Written by Jerry Carlisle. Posted in Pastor's Blog

Last Sunday’s “Morning at the Park” proved to be a wonderful experience as we gathered under the trees at Haggard Park to worship our God together.  I hope we do it again!  The day reminded us that the church is “people” who happen to meet in a “place.”  We have been “Called to the City”!

“Called to the City” was more than the theme of that day—the phrase describes God’s purpose for FBC Plano.  Did you know that our “congregational ancestors” decided in 1872 to move into Plano and change the church name from Spring Creek Baptist Church to Plano Baptist Church?  Would it surprise you to learn that the town of Plano was incorporated by a special act of the 13th Legislature of Texas (House Bill 901) on June 2, 1873?  This church recognized it was “Called to the City” before the city had officially been established!  The coming of the Central Railroad sparked the church’s sense of the Lord’s leadership at that time.  Those believers felt God’s call to be accessible and visible to the people God was bringing into their community.  

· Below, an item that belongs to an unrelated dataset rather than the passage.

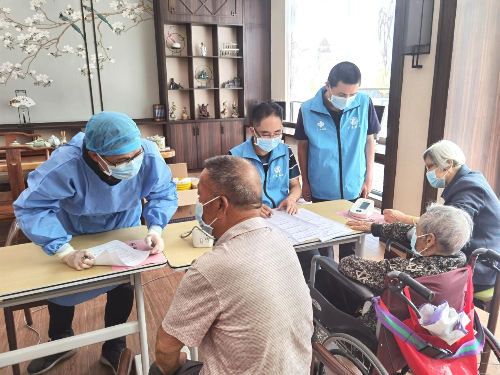 民政服务对象多数属于老弱病残等特殊群体,身体健康基础较弱,自身防疫能力不足,是感染新冠病毒风险较高的重点关注人群。区民政局积极响应区委、区政府的号召,筑牢社会免疫屏障,遵循保障重点、应接尽接、确保安全、知情同意的原则,加大动员力度,积极做好养老机构入住老年人及家属的沟通工作,消除他们对接种新冠疫苗方面的疑虑,并组织医护人员为辖区内各养老服务机构入住老年人及工作人员提供新冠疫苗上门接种服务。此外,区民政局积极调动“平安通”线上服务平台、线下居家养老站点、益食堂站点等养老服务平台,向服务对象宣传接种疫苗的必要性和重要性,大大提高了服务对象接种疫苗的积极性,并为服务对象提供便利、暖心的服务。

Today, our congregation must continue to respond to God’s call.  Our county now has 900,000 residents; only 200,000 claim any tie to any form of Christian faith.  We are far-flung, living in many neighborhoods scattered throughout the region, yet we gather for worship on the east side of downtown Plano.  God is calling us—to be accessible and visible—to the people in our scattered neighborhoods and to the people in the downtown Plano area where we gather.  As the city moves aggressively to “urbanize” the downtown area with lofts and shops, the number of people actually living within a few blocks of our church building will grow.  Will the re-development of downtown spark our sense of the Lord’s leadership today?  Will we reach the people God is bringing to our community?

Where we gather—the church building—will be an important factor.  Accessible?  Visible?  Inviting?  Welcoming?  We’ll have some decisions to make, won’t we?

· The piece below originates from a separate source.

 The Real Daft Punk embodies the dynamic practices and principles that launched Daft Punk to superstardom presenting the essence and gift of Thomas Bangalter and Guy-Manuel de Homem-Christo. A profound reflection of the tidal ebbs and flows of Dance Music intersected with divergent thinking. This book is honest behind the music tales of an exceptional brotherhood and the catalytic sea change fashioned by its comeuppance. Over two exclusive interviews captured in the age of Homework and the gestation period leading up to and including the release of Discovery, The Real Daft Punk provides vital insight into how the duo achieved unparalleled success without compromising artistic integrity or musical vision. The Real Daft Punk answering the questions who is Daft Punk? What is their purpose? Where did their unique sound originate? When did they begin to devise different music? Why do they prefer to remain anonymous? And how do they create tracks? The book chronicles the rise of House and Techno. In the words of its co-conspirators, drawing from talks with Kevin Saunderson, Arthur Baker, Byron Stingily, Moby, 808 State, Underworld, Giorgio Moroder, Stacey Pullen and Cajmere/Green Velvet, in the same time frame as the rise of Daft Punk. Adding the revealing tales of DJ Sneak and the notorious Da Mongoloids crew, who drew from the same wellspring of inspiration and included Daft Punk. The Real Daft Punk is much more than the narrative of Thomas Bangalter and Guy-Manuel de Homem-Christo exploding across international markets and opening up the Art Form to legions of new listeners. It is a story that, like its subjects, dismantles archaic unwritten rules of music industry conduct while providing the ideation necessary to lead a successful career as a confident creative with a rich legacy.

Decisions about buildings pale in comparison with the real issue:  will we be people who are accessible to those who need a friend?  Will we be visible to those looking to find Christ?  Are we inviting others?  Are we welcoming to those who risk a visit? 

The church—in the park or in the red brick building—is people.  What kind of people?  We’ll be defined by how we respond to God’s calling in our lives.